Chapter 2 Part 4 Vertical Motion and Motion Graphs

Prof. Clements Notes/Hints for Physics Courses

Chapter 2 Open Stax College Physics or Most Introductory Physics Courses

Vertical Motion and Graphs of Motion

I highly recommend that you go to the web site https://openstax.org/details/books/college-physics to access the free OpenStax College Physics textbook and resources.

YouTube videos of my (usually short) lectures and example problems are indexed at http://www.physics.gpclements.com/ . There are also a few videos that give review of basic math tools that are used in an introductory physics course.

Terms you should know at the end of this unit: acceleration due to gravity, free-fall, tangent line, slope

Falling Objects

Free fall is vertical motion with only the force of gravity acting on the object. (i.e. ignore air resistance and don’t allow any propulsion)

“g” is the symbol for the acceleration due to gravity Near the earth’s surface the magnitude of g is about 9.80 m/s² and the direction is towards the center of the Earth. (The value of g changes slightly based on various conditions of the location that we will ignore.) g tells us how much the velocity of an object in free fall will change every second (9.8 meters/second). g is not gravity. Gravity is a force, not an acceleration. The force of gravity produces an acceleration.

For vertical motion I will usually use the symbol Y for the position of the object. I will try to usually use X for position when the motion of the object is in the horizontal direction. We will assume that the motion is occurring near the surface of the Earth. In this case, the value of “g” will be constant. We will usually ignore air resistance. The four kinematic equations may be used for vertical motion because the acceleration of the object is constant.

Write the four kinematic equation with these changes. Wherever X appears use Y. Wherever “a” appears use “g.”

Equation 1 V = V_o + g t

Equation 2 Y = Y_o + [ 0.5 (V + V_o) ] * t or S = [ 0.5 (V + V_o) ] * t

Equation 3 Y = Y_o + V_o * t + 0.5 * a * t² or S = V_o * t + 0.5 * a * t²

Equation 4 V² = V_o² + 2 * a * (Y – Y_o) or V² = V_o² + 2 * a * S

with S = Y - Y_o

Note: I will work problems with the upward direction as the positive direction. This means that I will use g = - 9.8 m/s² .
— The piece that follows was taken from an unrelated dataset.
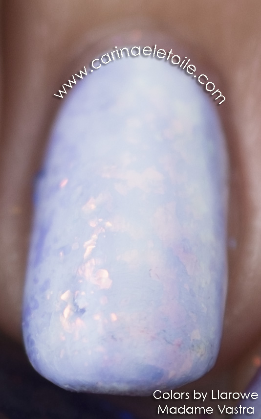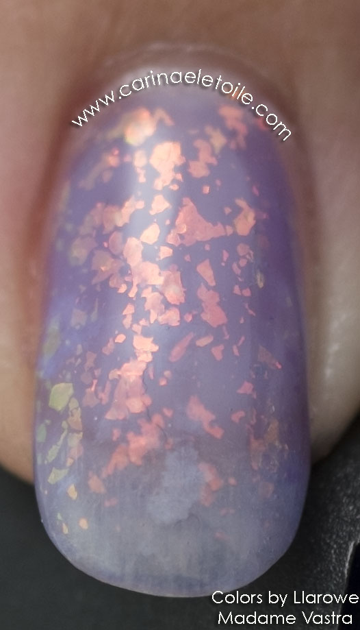 I love this particular color out of the collection. It’s my favorite, to be honest. I’m a sucker for purple and this is such a chameleon! Please note that I sponged these flakies on my nail. I simply put one coat down, let it dry for about five minutes, then took a cosmetic sponge and painted on a coat on to the sponge. Then I sponged the color and flakes on to my nail. After I put another coat of Colors by Llarowe Madame Vastra on for good measure and the lovely purple tinted base. That was it!

Note: Some people have a misconception that the value of the free-fall acceleration depends on the weight of the object. In reality, all objects near the earth have a free-fall acceleration of g (9.8 m/s² ) if air resistance is ignored. This fact will proven when force and Newton’s laws are discussed.
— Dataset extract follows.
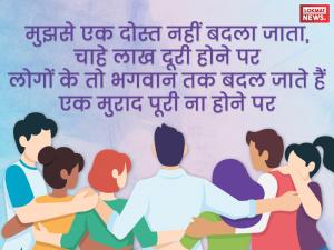 1 / 8 मुझसे एक दोस्त नहीं बदला जाता, चाहे लाख दूरी होने पर लोगों के तो भगवान तक बदल जाते हैं एक मुराद पूरी ना होने पर2 / 8दोस्तों की दोस्ती में कभी कोई रूल नहीं होता है और ये सिखाने के लिए, कोई स्कूल नहीं होता है3 / 8दोस्ती में ना कोई वार, ना कोई दिन होता हैं, ये तो वो एहसास है जिसमे बस यार होता हैं|4 / 8दोस्त दिल की हर बात समझ जाया करते हैं सुख दुःख के हर पल में साथ हुआ करते है दोस्त तो मिला करते है तक़दीर वालो को मिले ऐसी तक़दीर हर बार हम दुआ करते है5 / 8जमाने से कब के गुजर गए होते, ठोकर ना लगी होती बच गए होते, बंधे थे बस दोस्ती के धागों में, वरना कब के बिखर गए होते।6 / 8आसमान हमसे अब नाराज है, तारों का गुस्सा बेहिसाब हैं, वो सब हमसे जलते है क्योंकि, चाँद से बेहतर दोस्त हमारे पास हैं।7 / 8तेरी मुस्कराहट मेरी पहचान थी, तेरी ख़ुशी मेरी साँस थी, कुछ भी नहीं तेरे बिना मेरी जिंदगी में, बस इतना समझ ले, तेरी दोस्ती ही मेरी जान थी।8 / 8ज़िन्दगी हर पल खास नहीं होती, फूलों की खुशबू हमेशा पास नहीं होती, मिलना हमारी तकदीर में लिखा था वरना, इतनी प्यारी दोस्ती कभी इतेफाक नहीं होती।

Suppose that an object is dropped from rest and is in free fall from a height of 400 meters. Calculate the position of the object for every second before it hits the ground.
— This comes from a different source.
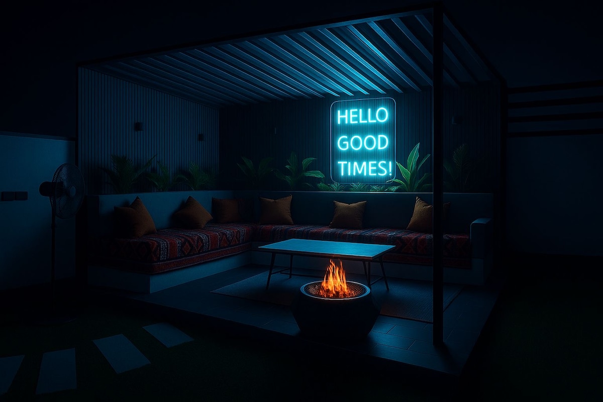 在私人藝術家工作室體驗獨特的放鬆舒適。 單間公寓包括一張床和一個側面休息區,您可以在這裡觀賞 65 吋智慧螢幕。 還有一個獨立的小廚房和咖啡,滿足您的所有需求,以及時尚的戶外區域和火坑。 地理位置靠近所有服務、旅遊目的地和利雅得季節區域(大道、競技場等),5分鐘內即可抵達。 我們很樂意接待您,並與我們分享體驗!

Here are some questions for you to consider: Where will you put Y = 0 meters? Is Y positive in the upward direction or downward? (These questions do not have one right answer!) You are in control of labeling your coordinate system. The analysis will give identical physical results for an infinite number of choices for the 0 point and + or – direction on the axes.

Solution:

1. Make a sketch and write the values for quantities that are known. You should make your own sketch right now. I will use upward as the positive direction.

I will label the ground as Y = 0 meters and assign the upward direction as +.

Y_o = 400 m V_o = 0 m/s g = - 9.8 m/s²

Y = Y_o + V_o * t + 0.5 * a * t²

Y = 400 + 0 * t + 0.5 * (-9.8) * t²

for t = 0 seconds Y_o= 400m for t = 1 second Y₁ = 395m

For the rest of the list the subscript for Y is the time value in seconds:

Y₂ = 380m Y₃ = 356m Y₄ = 322m Y₅ = 278m Y₆ = 224m Y₇ = 160m Y₈ = 86.4m Y₉ = 3.1m

Y₁₀ = -90m ...This value will not be used since it is below ground level.

If you would plot the Y value vs. time the graph would be a parabola.

The velocity at any particular time can be calculated with

V = V_o + at

For this problem V = -9.8 (m/s) * t V_o = 0 m/s V₁ = -9.8 m/s

The graph of velocity vs. time is a straight line with a slope of -9.8 m/s².

The value of the slope on the V vs time graph is equal to the acceleration value.

The graph of acceleration vs time is a horizontal line that has a value of -9.8 m/s² .

You should workother sample problems until you are comfortable with free-fall problems. Let your instructor know if you have questions on the example problems.

Graphical Analysis of Linear Motion

A straight line can be represented by the equation Y = m * X + b. The English language (and other languages) does not have enough symbols for all the variables that might be discussed. The Y and X symbols here are NOT vertical and horizontal position. They are just the coordinates of a Cartesian coordinate system.

“m” is the slope of the line. It is common to calculate the slope by dividing the “rise” by the “run.” The “rise” is the change in the vertical variable value. The “run” is the change in the horizontal variable value.

“b” is the Y-intercept. For the graph represented by Y = 5X + 3, the value of the Y intercept is 3.

When X = 0 the value of Y is 3. When X = 1 the value of Y is 8.

The slope of the line between these two points is (8 – 3) / (1-0) or 5. Note that 5 is the coefficient of X in the equation above.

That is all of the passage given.